I'm trying to solve this problem by calculating the probability of each outcome, and finding the expected value based on that, but I'm messing up my probabilities.

I get the possible values as 2, 4, 5, 7, and 10. I get their respective probabilities as (1/3), (1/9), (1/9), (5/18), and (1/9). I realize these don't sum to 1, and that's my problem...I've double checked everything and not found the mistake. Does anyone know what the correct probabilities should be?

Bayes?

Take each probability over the sum of all probabilities.

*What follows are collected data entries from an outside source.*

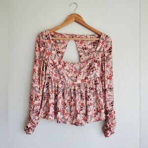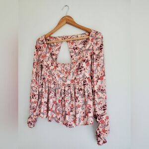 Free People Floral Long Sleeve Polyester Women's Top Key Hole Back Size XS
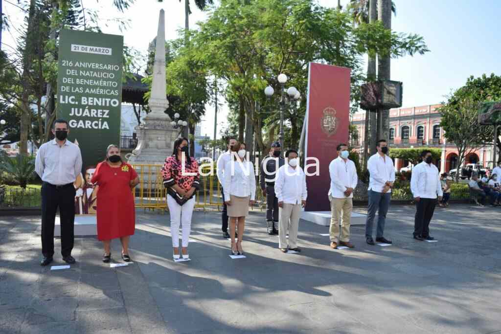 Con ello, se procedió a la colocación de una ofrenda floral en el busto de Benito Juárez ubicado en las escalinatas del Palacio Municipal y, por último, las autoridades municipales se trasladaron al parque Benito Juárez para la colocación de una ofrenda floral en compañía del cuerpo edilicio y los integrantes del 8vo Distrito Masónico.
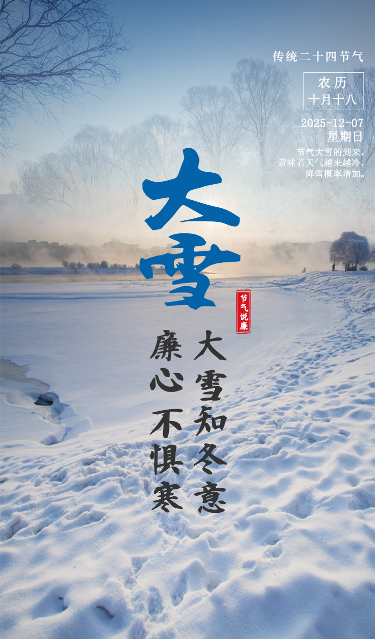 当前位置: 网站首页 >> 廉政文化 > 节气说廉 | 大雪知冬意 廉心不惧寒 来源: 时间:2025-12-07 09:35:00 点击率: 字体:大号 中号 小号 打印 上一篇:节气说廉 | 立冬:冬始万物藏 廉洁守初心 下一篇:最后一页
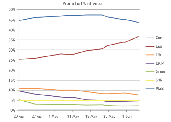 A ‘hung Parliament’ is looking increasingly possible given recent polls. All predictions are agreed that the largest single party is likely to remain the Conservatives; however our analysis suggests that in the event of a hung Parliament, a left-wing coalition government is the most likely outcome. A recent poll by YouGov predicted Labour and the SNP together would fall short of a majority by just 9 seats – easily within reach, given that the Liberal Democrats currently hold 9 seats. While a Conservative minority government is still technically possible, this is considered unlikely given the perceived need for a strong mandate ahead of the upcoming Brexit negotiations.
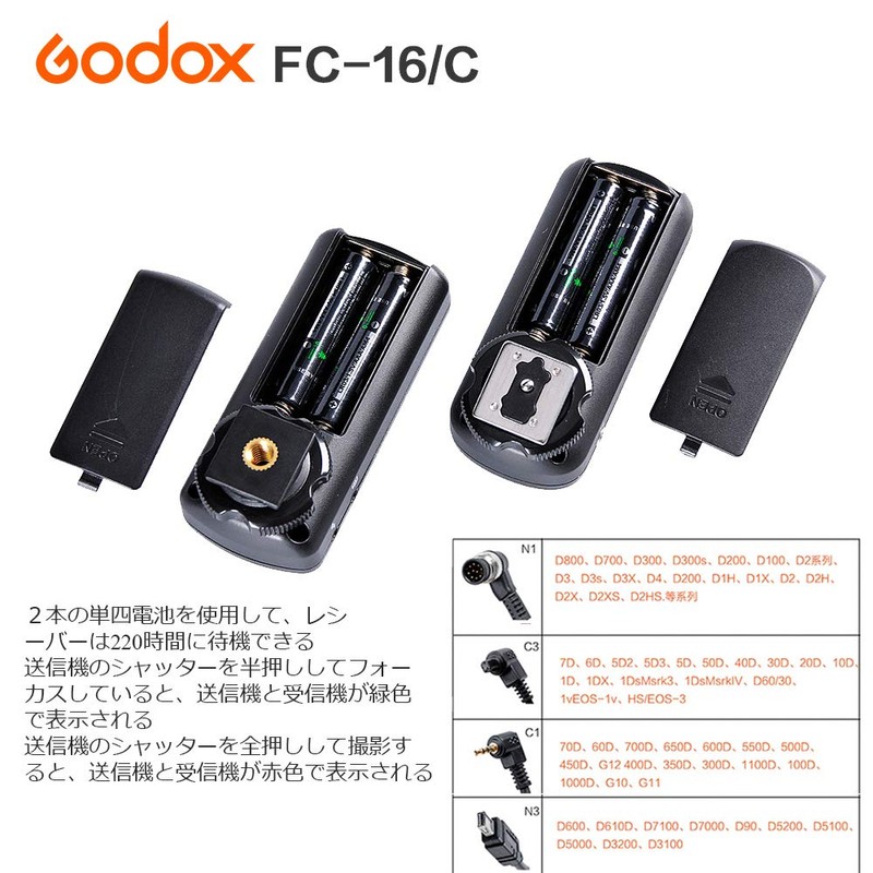 GODOX FC-16C Transmitter + Receiver Set, 2.4G, 16 Channels, Wireless Release, Studio Strobe Trigger Shutter, Camera Shutter, Compatible with Canon Camera, 7D, 50D, 40D, 30D, 5D, 20D, 10D, 5D, 5D, Mark II, D2000, etc
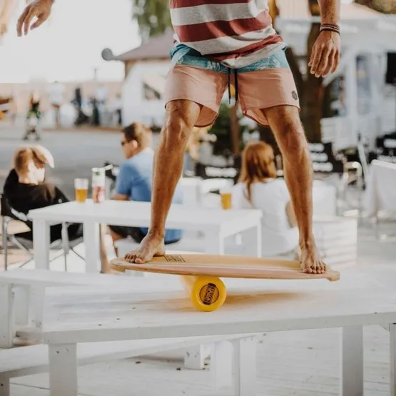 Deska do balansowania Trickboard Classic to funkcjonalny narzędzie treningowe, ale także gadżet, który zapewni dużo zabawy. Pomaga poprawić równowagę, zwinność oraz ogólną stabilność, które są istotnym elementami przy sportach gdzie balans to podstawa. Posiada niemiecki atest bezpieczeństwa TUV.
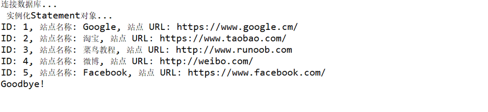 sql = "SELECT id, name, url FROM websites";
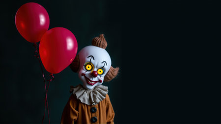 A creepy clown with glowing eyes and red balloons against a dark Halloween background. AI generation

It looks like he is trying to calculate the prior probabilities, which should sum to 1.

E(X) = 2*2/3 + 5*1/3 = 3
E(Y) = 2*1/3 + 5*2/3 = 4

E(S|A) = 2/3 * 3 + 1/3 * (4*2/9 + 7*5/9 + 10*2/9) = 13/3
E(S|B) = 1/3 * 3 + 2/3 * 7 = 17/3

E(S) = 1/2 * 13/3 + 1/2 * 17/3 = 30/6 = 5

Exactly, Kenny. 47.8 is just asking for the prior expected value. My prior probabilities are off, but I keep looking over it, and can't find the mistake.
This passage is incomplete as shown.